── Source data

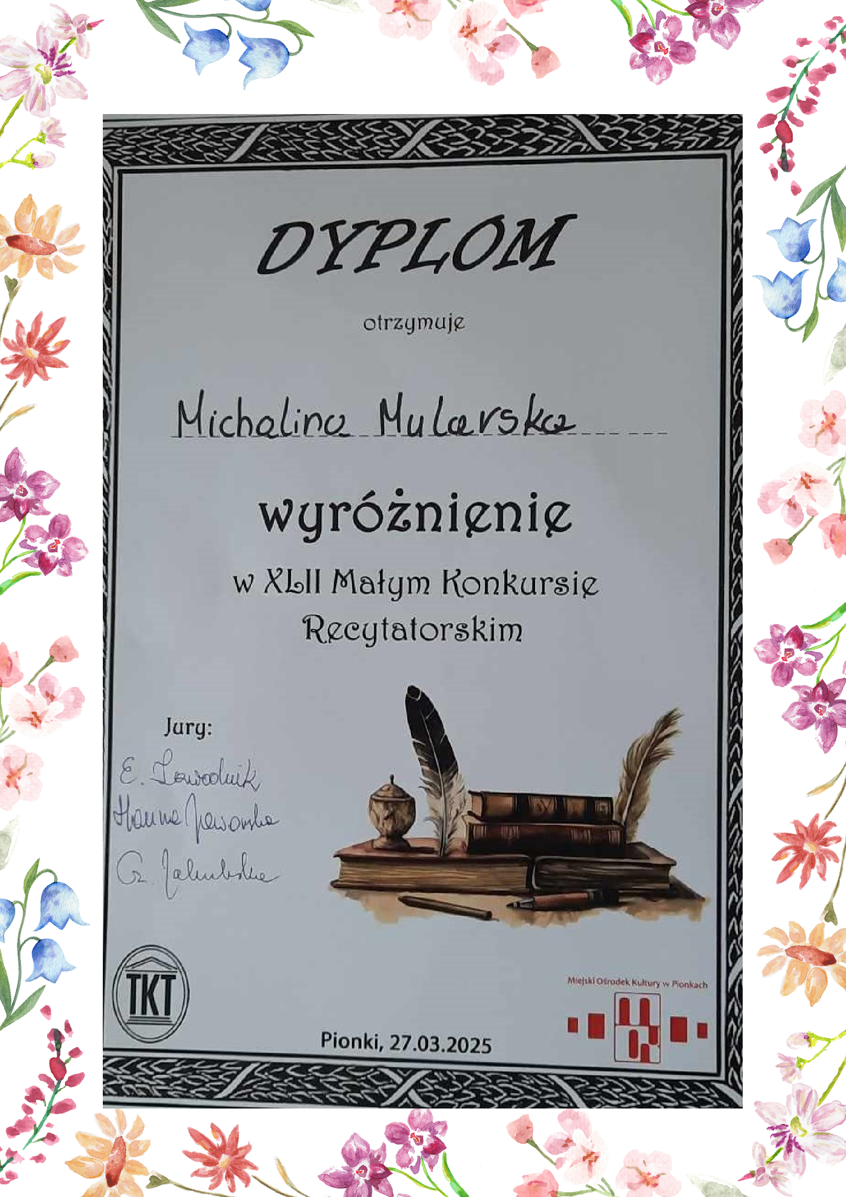 Dzielimy się radością, informując, że Anastazja Mazur z klasy V została nagrodzona w XXXI Ogólnopolskim Konkursie Poetyckim im. Janusza Korczaka organizowanym przez MDK im. Króla Maciusia Pierwszego w Płocku.
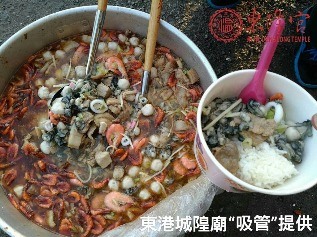 屏東縣東港鎮的東隆宮每3年會舉辦一次「東港迎王平安祭典」,除了盛大的遊行跟燒船之外,最讓人念念不忘的就是餡料滿滿的「飯湯」,裡面有至少7種食材熬出的鮮味且免費提供,讓許多遊客慕名而來。
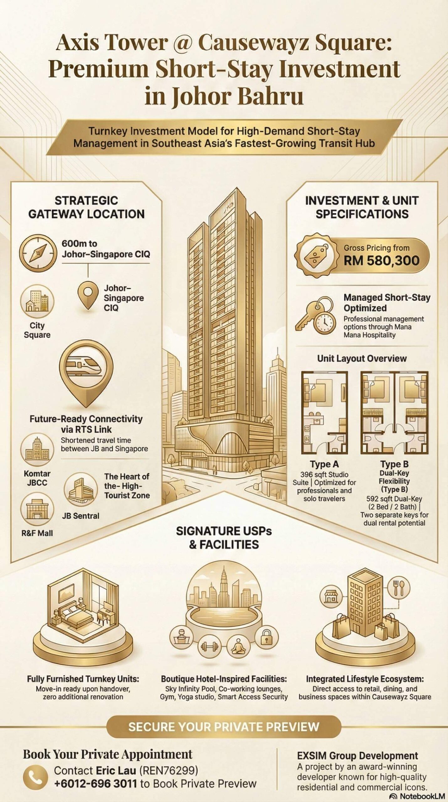 With fully furnished units, dual-key layouts, and a location just 600 meters from Johor–Singapore CIQ, Axis Tower offers investors a ready-to-operate property in one of Southeast Asia’s fastest-growing short-stay markets.
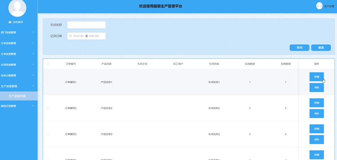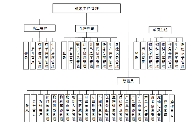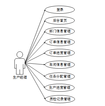 生产经理包含登录、后台首页、部门信息管理、订单信息管理、订单进度管理、车间信息管理、任务分配管理、生产进度管理、质检记录管理等功能。
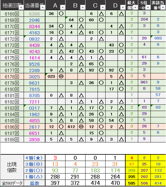 非該当数字青色=ABCDの候補に該当しない数字を青色表示としています。
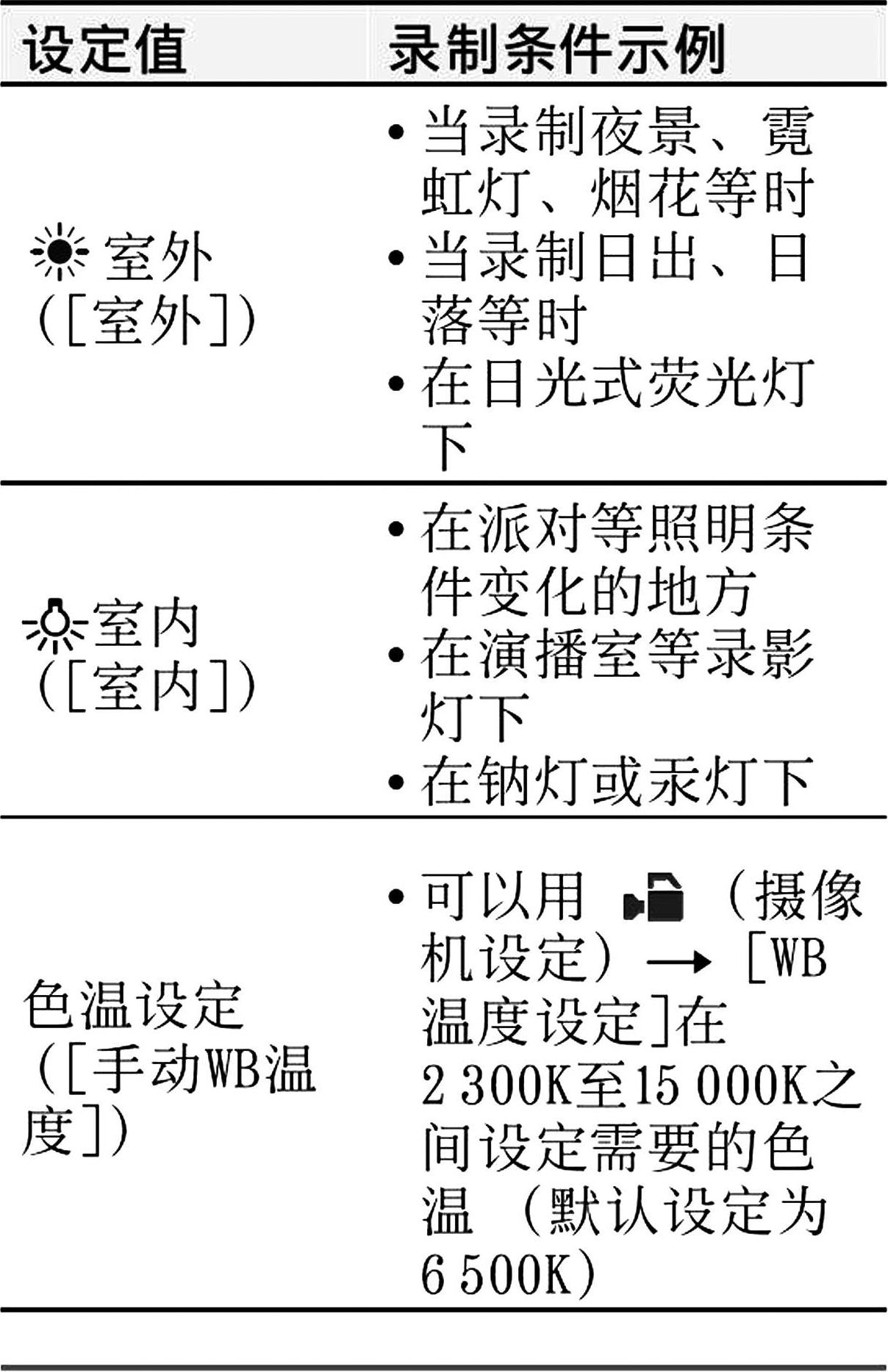 (摄像机设定)菜单中的[WB预设]所作的设定来选择[室外][室内]或[手动WB温度]。

────

> _What to produce_: Your reply should restate the data above word for word and contain no pictures.

> _Response to this task_:
 Dzielimy się radością, informując, że Anastazja Mazur z klasy V została nagrodzona w XXXI Ogólnopolskim Konkursie Poetyckim im. Janusza Korczaka organizowanym przez MDK im. Króla Maciusia Pierwszego w Płocku.
 屏東縣東港鎮的東隆宮每3年會舉辦一次「東港迎王平安祭典」,除了盛大的遊行跟燒船之外,最讓人念念不忘的就是餡料滿滿的「飯湯」,裡面有至少7種食材熬出的鮮味且免費提供,讓許多遊客慕名而來。
 With fully furnished units, dual-key layouts, and a location just 600 meters from Johor–Singapore CIQ, Axis Tower offers investors a ready-to-operate property in one of Southeast Asia’s fastest-growing short-stay markets.
 生产经理包含登录、后台首页、部门信息管理、订单信息管理、订单进度管理、车间信息管理、任务分配管理、生产进度管理、质检记录管理等功能。
 非該当数字青色=ABCDの候補に該当しない数字を青色表示としています。
 (摄像机设定)菜单中的[WB预设]所作的设定来选择[室外][室内]或[手动WB温度]。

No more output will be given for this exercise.